The flight from silence

SUMMER is the time when you discover your neighbor has been secretly practicing the clarinet. Not practicing enough perhaps. But there you are. Along with reed-splitting falsettos in the clarinet's upper register, the open windows of summer bring in nicely rounded and on-key bird calls. Real stereo stuff. Never, it seems have birds been singing more lyrically than this June, as if they knew the world needed a few extra warbles, the news being what it is.

Even the cicadas are trying to keep our minds off what is happening - jamming the airwaves, as it were, with their minimalist vibrations.

There was a time when all the sounds of June served as prelude to human speech. Dramatists liked to open their plays with voices hallooing from fire escape to fire escape on the first really hot night in the city, celebrating the emergence of the species from winter caves to turn the universe into a round table.

Summer meant the sound of outdoor talk.

Those opening scenes would never work today. The people on fire escapes and front stoops are all wearing headphones, enclosed in private worlds between their electronic parentheses.

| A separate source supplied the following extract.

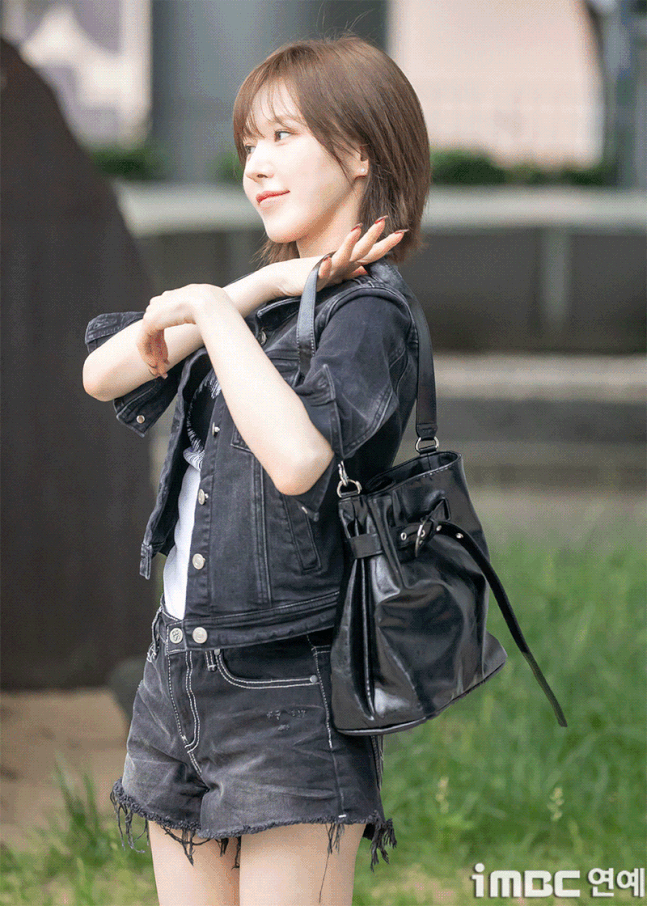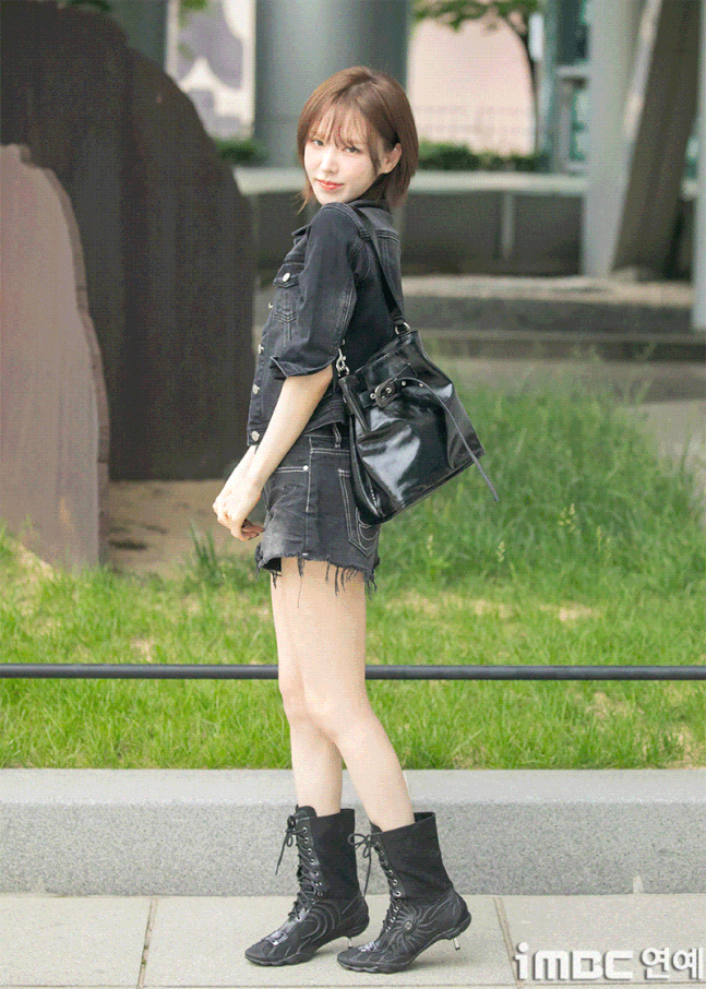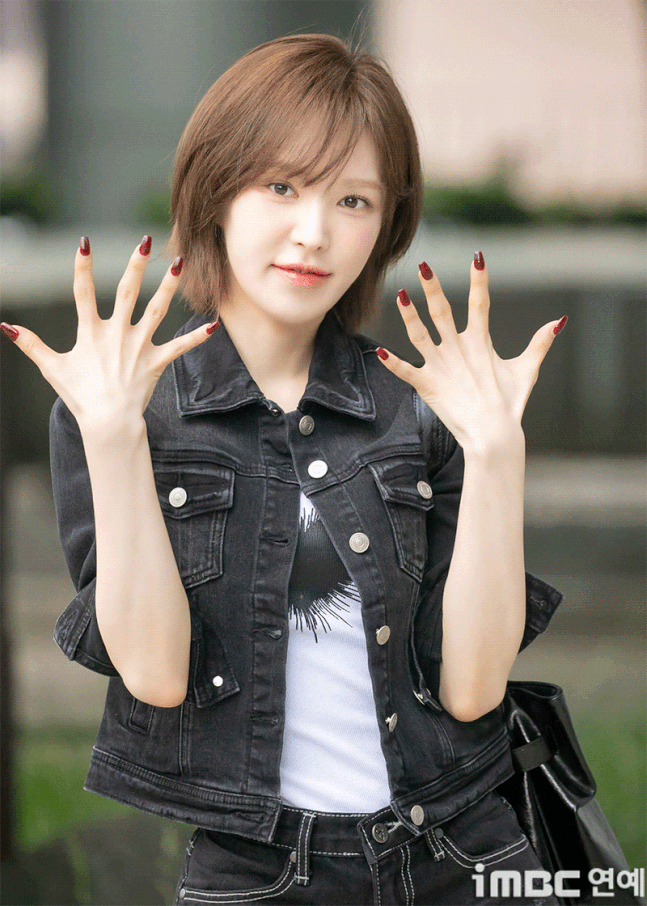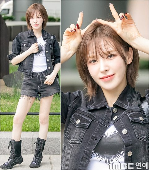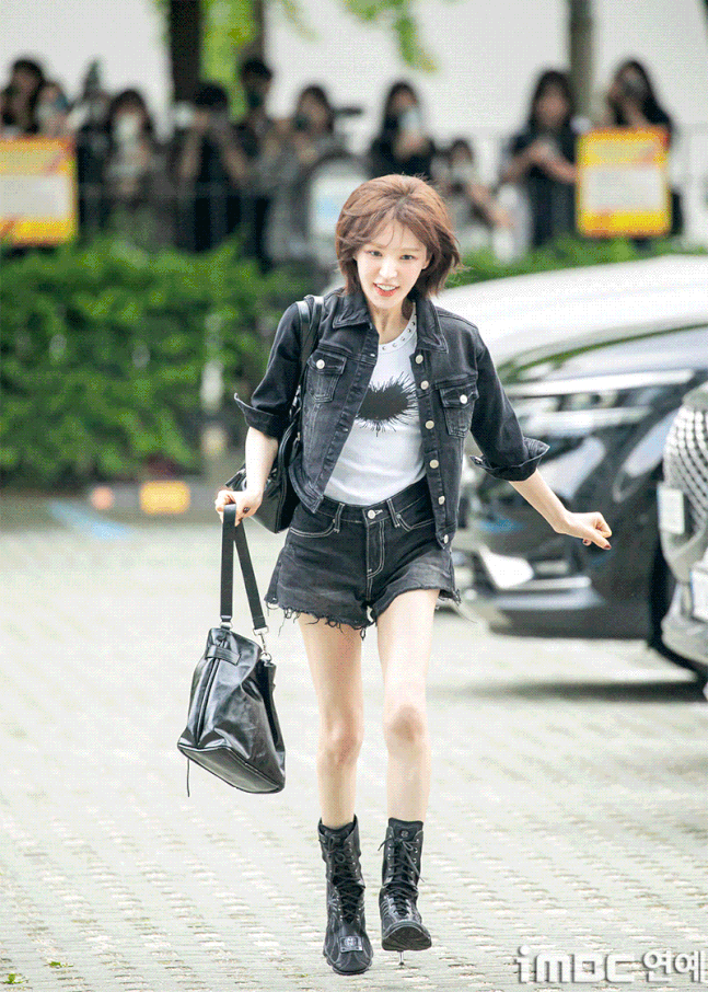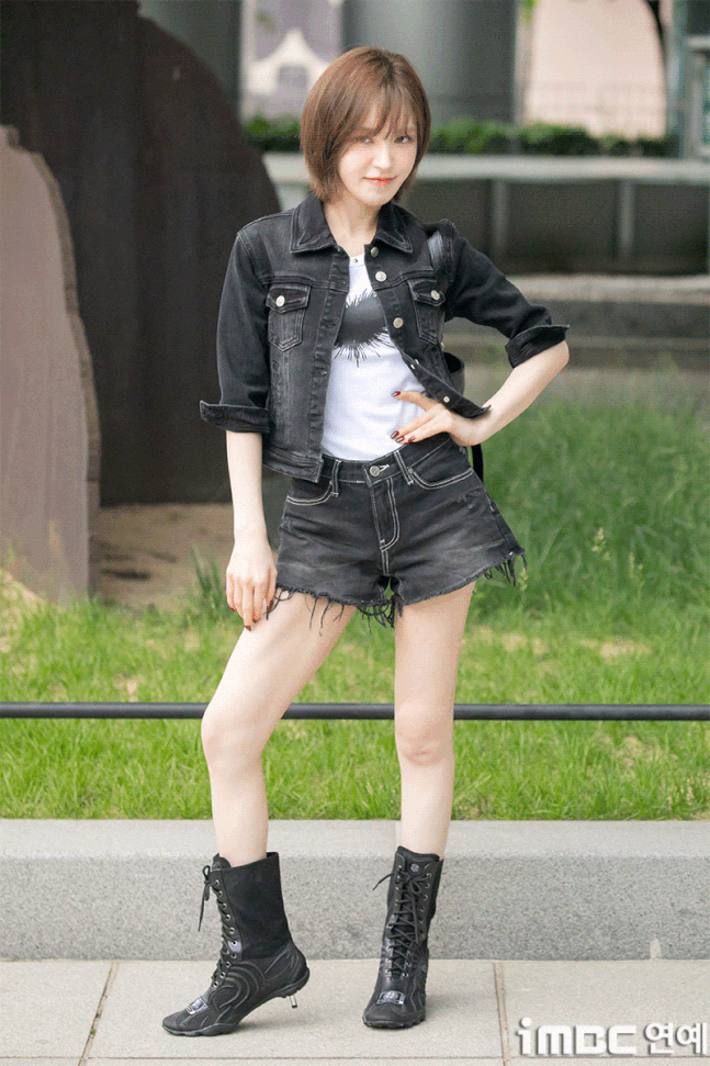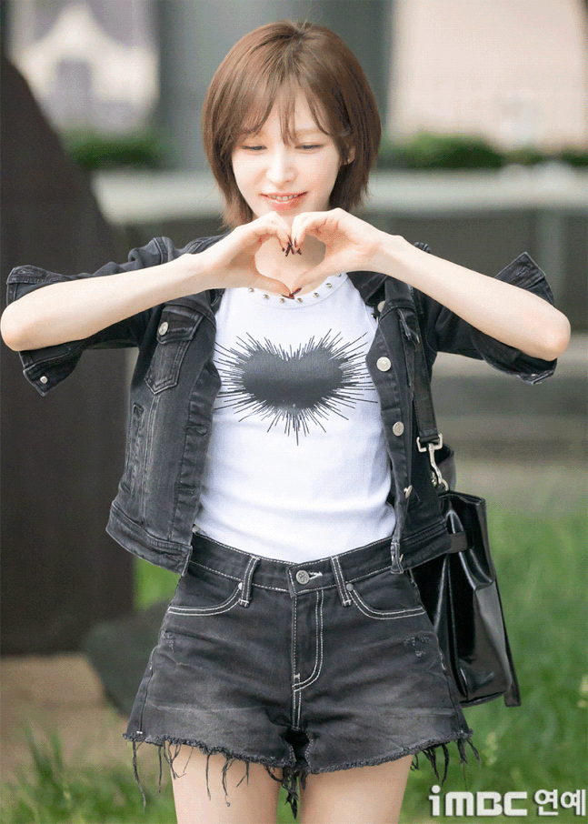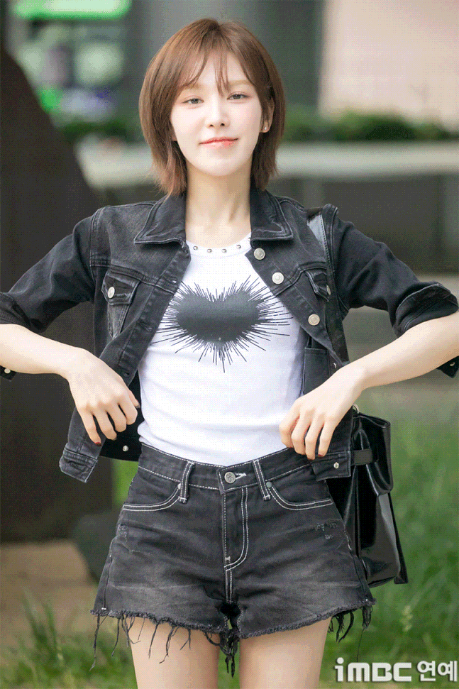 레드벨벳(Red Velvet) 웬디가 20일 오후 서울 목동SBS에서 열린 '웬디의 영스트리트' 출근길에 포즈를 취하고 있다.이날 웬디는 브라운 염색 단발 허쉬컷 스타일에 검정 재킷과 숏팬츠. 하트가 포인트인 화이트 이너 티에 워커를 매치. 락스타 느낌의 패션을 뽐냈다. 습하고 더운 날씨에도 불구, 웬디는 수많은 팬들에게 화답하며 여전히 힘차게 뛰며 출근했다.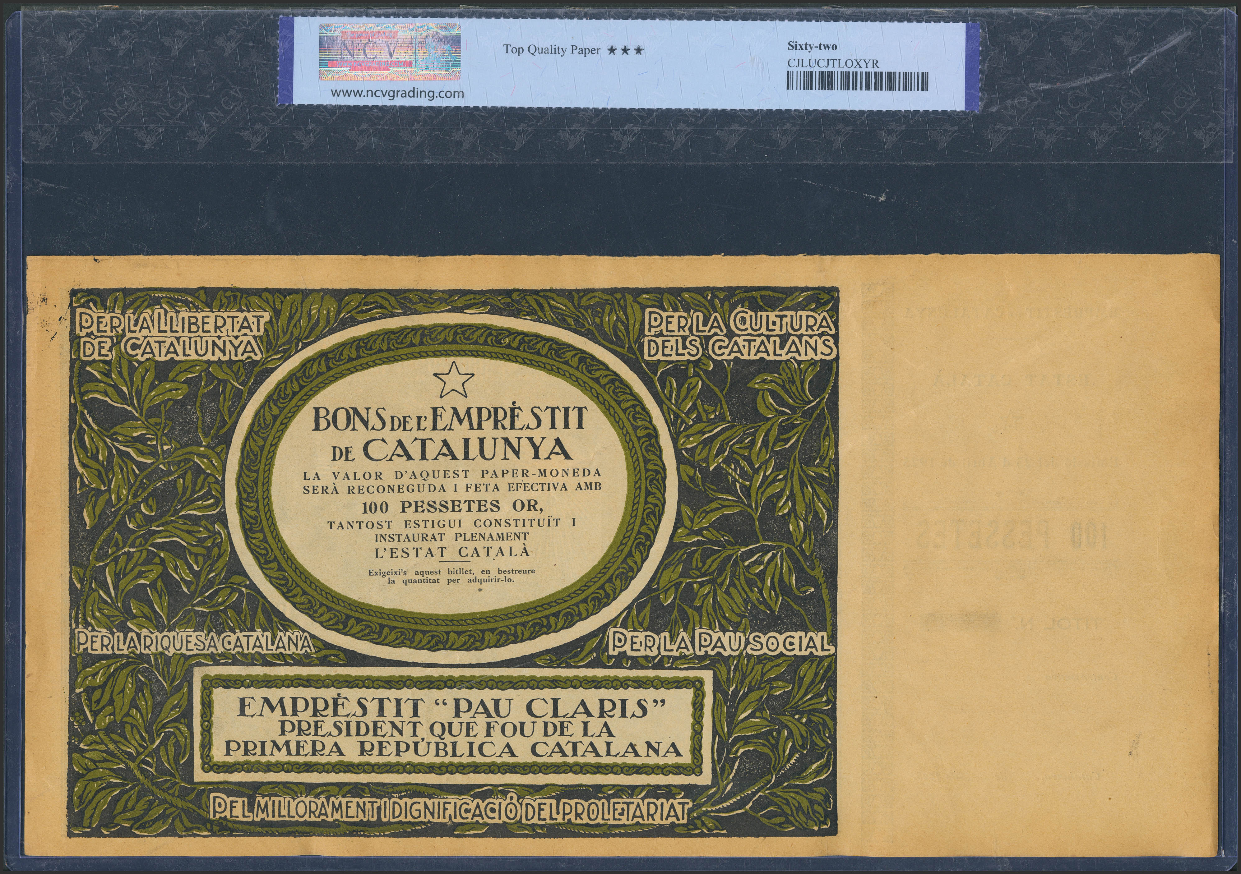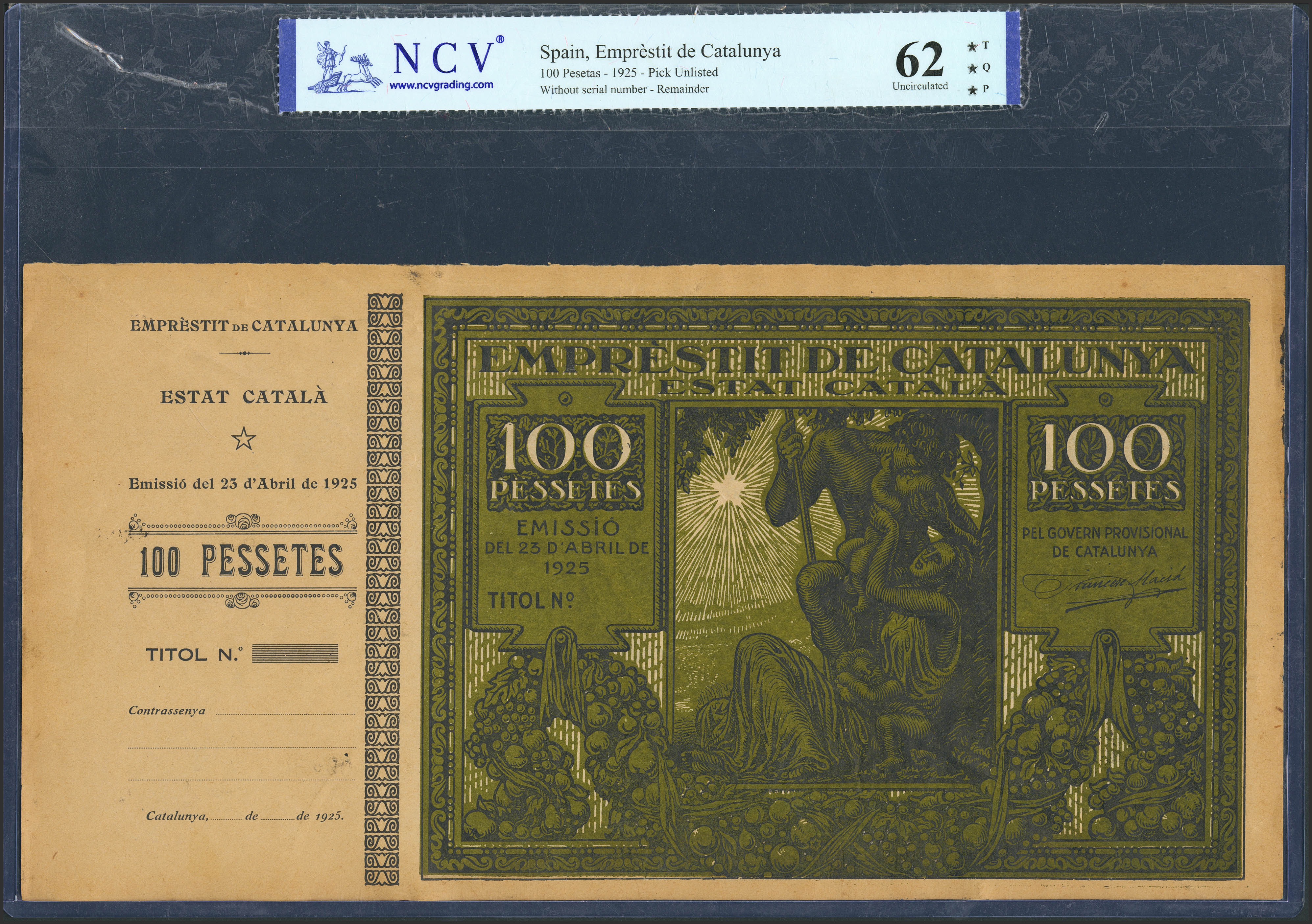 EMPRESTIT OF CATALONIA. STATE CATALAN. April 23, 1925. Emprestits Pau Clarís. Proof of the front and back of the 100 Pessetes bill. Original sizing. Uncirculated. NCV62TQP package.

Besides, to speak or to be spoken to in the city is a suspicious act, if not a threat.

Meanwhile, in the suburbs, more fences seem to go up every day. It is as if we of the fortress-mentality age greet the social invitation of summer with a barricade.

A lot of the sounds of summer appear designed to make it impossible to talk.

Has there ever been such a cacophony of power tools and helicopters and grinding truck transmissions in the summer air?

Everybody, one swears, has acquired a new puppy to make June the ferocious barking month.

It's a conspiracy, or so you could imagine.

Invisible signs seem to be posted: ``No dead air allowed for thought or quiet conversation.''

Everybody's avoiding the sun under layers of sun screen. Everybody's avoiding silence under volumes of sound screen.

The social - or rather antisocial - use of noise occurs all year around. It becomes conspicuous in the summer when we perversely rush indoors to jam the hushed June air with television - the low-level hum that serves as sound track to the uninspired moments of life. Even Lady Di is said to use television as white noise while she irons.

The burble and blink of a television set through an open June window tells us more than we want to know about our uses, and misuses, of sound.

Why do we get this strange comfort from having our ears occupied with sound - any sound - like an infant filling its mouth with a pacifier?

Writing in Harper's, the music critic Bernard Holland contemplates with horror how even ``good'' sound, like classical music, takes on the nature of an addiction. He worries about the walls of recordings, the speakers as huge as a refrigerator with which music lovers barricade their lives, as if they were hoarding three versions of Beethoven's Ninth against the terrors of silence.

When one eats out, could one chew, could one swallow without Mozart or jazz or soft rock drifting out of the sound system like cooking aromas from the kitchen?

Does nobody, Holland asks, want to carry music around in the imagination, in the memory, as everybody had to do before technology wired us up?

Vacation arrives, and the approved ritual is to retreat from the centers of civilization to repair oneself in the woods or by the shore - to have a week or two in Walden with all the sound systems turned off except for those birds.

The information advisory from the owners of the cottage one is renting comes in the mail. They feel compelled to confess that television reception is poor, that power boats are forbidden on the lake - that everything is very, very quiet.

Silence is affixed as a kind of warning on the package.

All year long we talk, like poets, about peace that comes dripping slow. Summer calls our bluff.

To be alone, in silence - is this a modern person's ultimate nightmare, surpassing even the Big Bang of World War III? You have to be either very mad or very sane to enjoy solitude and quiet. Every summer we all take the test.